Don't get me wrong. I love my Husband. But I just don't think I am IN love with him anymore. I haven't done anything with the Other Man. Not yet anyways, but I fantasize about doing something all the time. He's on my mind 24/7.
The thing is, on paper, Other Guy is totally wrong for me. Visually, it would be like Gisele Bundchen and Harry Knowles getting together. I'm not saying I look like a supermodel or that this guy's an obese man who still lives at home, but we are both from such different worlds that there should be no reason that we would even be together. But the feelings we have towards each other is so strong, like two magnets who can't resist coming together. It's like our souls have some sort of cellular memory from a past life. I KNOW this guy. My soul just KNOWS him. And this is not the way I have ever felt with my husband. Even when I first met him.
I've only been in love twice in my life. The second guy I married. I'm not one of those women that has been engaged countless times, only to break it off. I said "yes" once and we got married. The vows I took were till death do us part. I must honor that. How shitty would it be if I didn't?
With Other Guy, I am finding myself in love for the third time in my life and it's not fun for me. In fact, this whole experience has been downright stressful. I can't eat, I can't sleep. I'm not even happy. This love is making me very sad because it is a love that cannot happen, as much as every inch of my body and soul wants it too. I am not a cheater (though I feel like one already) and if I go down that path, I know nothing good will become of it.
Which brings me to say something very important. I have never, ever cheated on my husband. In all our years of marriage, I've never once strayed, or been tempted to stray. I can't even begin to imagine the stress of having to lie, make-up stories and sneak around in order to be with another person. Simply being in love with Other Guy is stressful enough. Carrying it out feels like it could be suicidal.
It sounds cheesy to say, but I feel like Other Guy and I have been together in a past life. Like perhaps it was some sort of unrequited love that was never consummated and has now carried over to this life. How else do I explain this sort of Victorian romance that we are having? Beautiful words and gestures, but a self-imposed restraint on both of our parts. We talk about how we feel for one another, how wonderful it would be to be together, but how wrong it would be under the circumstances.
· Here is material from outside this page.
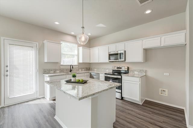 Beautifully remodeled half duplex, located in Mansfield ISD! This 3 bed, 2 and a half bath home features two dining areas, 1 of which could be offered as a great flex space! Half bath located off of the living area for easy access to your future guests. Upstairs you will find all 3 bedrooms, offering full privacy to the first level, entertaining space. With the renovated interior, you can find updated flooring, countertops, appliances, cabinets, and more. Nice backyard with patio and endless opportunities to make the space your own. New roof January of 2023! Located just minutes from shopping, dining, and entertainment, make this perfect location the place you call home today!

All I keep thinking is - God! So it's NOT going to happen in THIS lifetime as well? Then when? Another 100 years? I can't bear it!
You know one of the reasons I don't want to cheat on my husband? Because I feel like some day - whether it's in this lifetime or another - that I truly will be with Other Guy. And if I cheat on my Husband, then Other Guy will always, always wonder if I would cheat on him too. And I love him too much to ever want him to even think that I'd do that. How fucked up is that? That THAT is the main reason I am not cheating on my own husband? In some sick and weird way, I am pledging my loyalty and faithfulness to Other Guy by NOT cheating on my own Husband.
This is just too much for the heart to handle. The need and desire to want to touch Other Guy is so strong it's overwhelming. To touch his face, his hand and to feel his lips.... I'm ready to explode inside because I feel so alone in this. I can't talk to any of my friends about my situation. They would be shocked to hear it because everyone assumes my Husband and I are in love and leading our perfect lovely life. Heck, even my Husband thinks that!
This love is making me extremely fragile emotionally. Since I have never cheated before, or been in love with someone outside my marriage, I do not have any coping skills in dealing with this. It's not like I can say, 'Oh yeah, this happened to me before, and this is how I resolved it.' This is an entirely new thing for me and I don't know what to do, how to deal. How DOES one deal?